§ **Directions**:
Starting at the line that holds "上質なSuper140×ロイ" and stopping at the line that holds "SALAV garment steamer", restate the records below word for word, with both of those lines included.

§ **Exercise data**:
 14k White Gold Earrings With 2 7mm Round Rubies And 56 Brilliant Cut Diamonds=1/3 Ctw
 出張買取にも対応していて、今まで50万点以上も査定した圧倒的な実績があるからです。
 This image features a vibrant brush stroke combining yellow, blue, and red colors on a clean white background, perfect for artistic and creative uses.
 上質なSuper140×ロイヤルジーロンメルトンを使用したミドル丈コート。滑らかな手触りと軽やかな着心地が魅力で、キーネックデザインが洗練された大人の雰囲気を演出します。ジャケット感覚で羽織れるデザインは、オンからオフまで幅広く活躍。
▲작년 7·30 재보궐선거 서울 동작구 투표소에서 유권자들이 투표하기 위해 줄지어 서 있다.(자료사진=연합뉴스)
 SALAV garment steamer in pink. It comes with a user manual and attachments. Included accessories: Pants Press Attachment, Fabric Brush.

---

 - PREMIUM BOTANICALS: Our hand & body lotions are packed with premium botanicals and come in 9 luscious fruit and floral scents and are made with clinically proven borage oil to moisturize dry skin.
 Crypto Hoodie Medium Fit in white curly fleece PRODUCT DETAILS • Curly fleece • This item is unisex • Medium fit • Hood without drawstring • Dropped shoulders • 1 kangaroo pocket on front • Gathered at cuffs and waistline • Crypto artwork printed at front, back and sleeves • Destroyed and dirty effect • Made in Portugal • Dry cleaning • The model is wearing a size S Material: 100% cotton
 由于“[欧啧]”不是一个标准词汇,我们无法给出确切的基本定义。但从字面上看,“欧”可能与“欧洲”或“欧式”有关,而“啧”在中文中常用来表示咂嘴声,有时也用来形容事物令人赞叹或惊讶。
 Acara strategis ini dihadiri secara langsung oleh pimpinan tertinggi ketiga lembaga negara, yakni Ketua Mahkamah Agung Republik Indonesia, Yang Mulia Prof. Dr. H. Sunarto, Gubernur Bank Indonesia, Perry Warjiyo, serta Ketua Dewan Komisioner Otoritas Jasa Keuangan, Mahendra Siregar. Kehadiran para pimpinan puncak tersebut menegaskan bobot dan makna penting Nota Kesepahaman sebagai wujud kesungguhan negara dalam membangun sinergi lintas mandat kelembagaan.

§ **Task output**:
 上質なSuper140×ロイヤルジーロンメルトンを使用したミドル丈コート。滑らかな手触りと軽やかな着心地が魅力で、キーネックデザインが洗練された大人の雰囲気を演出します。ジャケット感覚で羽織れるデザインは、オンからオフまで幅広く活躍。
▲작년 7·30 재보궐선거 서울 동작구 투표소에서 유권자들이 투표하기 위해 줄지어 서 있다.(자료사진=연합뉴스)
 SALAV garment steamer in pink. It comes with a user manual and attachments. Included accessories: Pants Press Attachment, Fabric Brush.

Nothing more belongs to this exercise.